Examination at 33 weeks postmenstrual age
Routine retinal screening showed, in both eyes, Zone I stage 3 disease with prominent plus disease and flat neovascularisation at an ill-defined vascular-avascular junction, extending across five clock-hours temporally [1].
Key Questions
1. What is this infant's classification, and why does it matter? This is Zone I stage 3 ROP with plus disease, which meets Type 1 criteria and is the treatment threshold defined by the ETROP trial [2]. The prominent plus disease and ill-defined junction with flat neovascularisation in Zone I also raise concern for aggressive ROP, which can progress to detachment within days, so this is a sight-threatening emergency [1].

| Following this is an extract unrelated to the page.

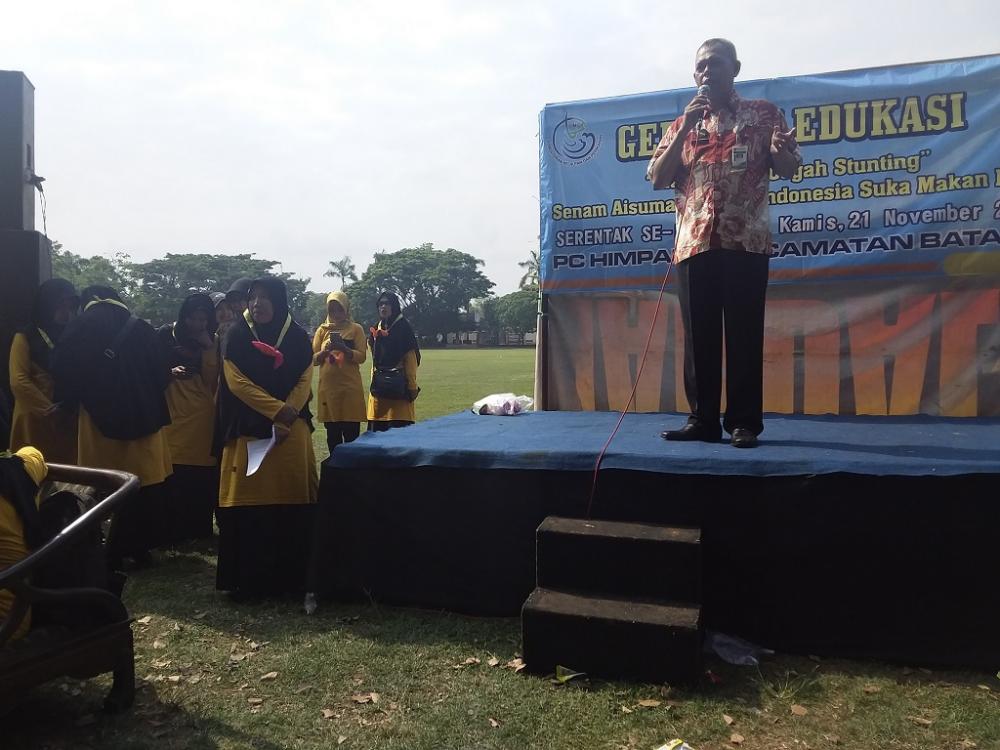 Sekretaris Kecamatan Batang Muhammad, memberikan sambutan saat Senam Aisumaki (Anak Indonesia Suka Makan Ikan) di lapangan Dracik Kampus Proyonanggan Selatan, Kabupaten Batang, Kamis (21/11/2019). Muhammad mengatakan, senam bersama ini dapat menanamkan pada pikiran anak, bahwa makan ikan setiap hari baik untuk kecerdasan. MC Batang, Jateng/Heri/Ardhy #visitbatangyear2022

2. How should this infant be treated? Type 1 ROP must be treated within 72 hours [2]. Because the disease is in Zone I, intravitreal anti-VEGF therapy is often preferred over laser, as the BEAT-ROP trial showed bevacizumab was superior to laser for Zone I stage 3 disease with plus [3]. Laser remains an alternative where anti-VEGF is unsuitable or follow-up cannot be guaranteed [2].
3. What follow-up is required after treatment? After anti-VEGF the infant needs close and prolonged surveillance because the drug's effect can wane and late reactivation of disease occurs beyond the usual screening window [3]. Examinations continue until the retina is fully vascularised into Zone III or the ROP has clearly regressed [4].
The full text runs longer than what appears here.